Piano Recitals: Nicholas McCarthy & Clare Hammond

October 17, 2019 by

Live piano music has become one of my great loves. Through concentration and commitment, the experience is usually highly beneficial, cathartic even. A day of music for piano was a fine way to pass the time as this review will prove.

Nicholas McCarthy has made news as being the first pianist to graduate at the Royal Academy of Music with only his left hand. Discouragement has never been his foil, as he has proven himself, never being defined by the absence of a second hand. This concert comes at a time when performers who are differently bodied and abled, are being considered for much many opportunities then ever before.

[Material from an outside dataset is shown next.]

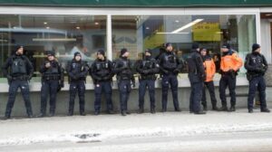 FILE PHOTO: The Ukraine House is reflected in a window of a shop as Swiss police officers stand in front, during the World Economic Forum (WEF) 2023, in the Alpine resort of Davos, Switzerland, January 16, 2023. REUTERS/Arnd Wiegmann/File Photo

Thanks to the wry insights of McCarthy at St David’s Hall, there are a few reasons as to why the left hand piano repertoire exists, heralding from the 19th Century. Sometimes injury, other times due to the loss of a hand, on other occasions it is purely because the composer enjoyed a cigar when playing, resulting in multi tasking. When McCarthy plays, there is a sense of amazement, at times sounding as is there are two hands on the keys. His hand is but a rapid gear never-ending in momentum. The Nocturne by the 18-year-old Scriabin sets up the foundations of the Russian composer’s experimental scope. Though inspired by Chopin, it’s busy, heaving quality is appealing, though over wrought at times. J. Mann’s arrangement of the Richard Strauss song ‘Morgen!’ has room to breath for the one hand, though might not work as well as it should in this guise. Having said this, it’s always moving and stunningly smooth. Carl Reinecke might not be a well know name, in all fairness. In his Sonata in C minor, we hear this broad and hearty demonstration. Though not as appealing as other works here, Reinecke’s role in the left hand rep is undoubtedly important. McCathy bringing oodles of passion here, resulting in a performance to reckon with.

Composer Clara Schumann in one point in her life had an injury on her right hand. So Brahms was kind enough to create for her arrangements of Bach’s music. Taken from the violin writing, the Chaconne is a pleasing encounter, not quite Bach at his most clever, but of worth. McCarthy makes mincemeat of the numerous trills and frills that exist in the score, with a sense of reverence. Fumagalli’s take on Casta Diva from Bellini’s Norma works perfectly. The vocal line in the keys floats above the bass notes and the marriage of both melds together passionately. This marvellous setting should have really ended the concert. McCarthy would conclude with his own take of Rachmaninov’s Prelude in G minor. He spoke of how he envied other pianists who could play this piece and he wanted to as well, finding a way to make it work for him. It was a brief affair, with some of the exuberant flair that the composer offers formulating in a prelude of some significance.

This proved to be an engrossing concert, though I would be much interested in more new music written just for left hand.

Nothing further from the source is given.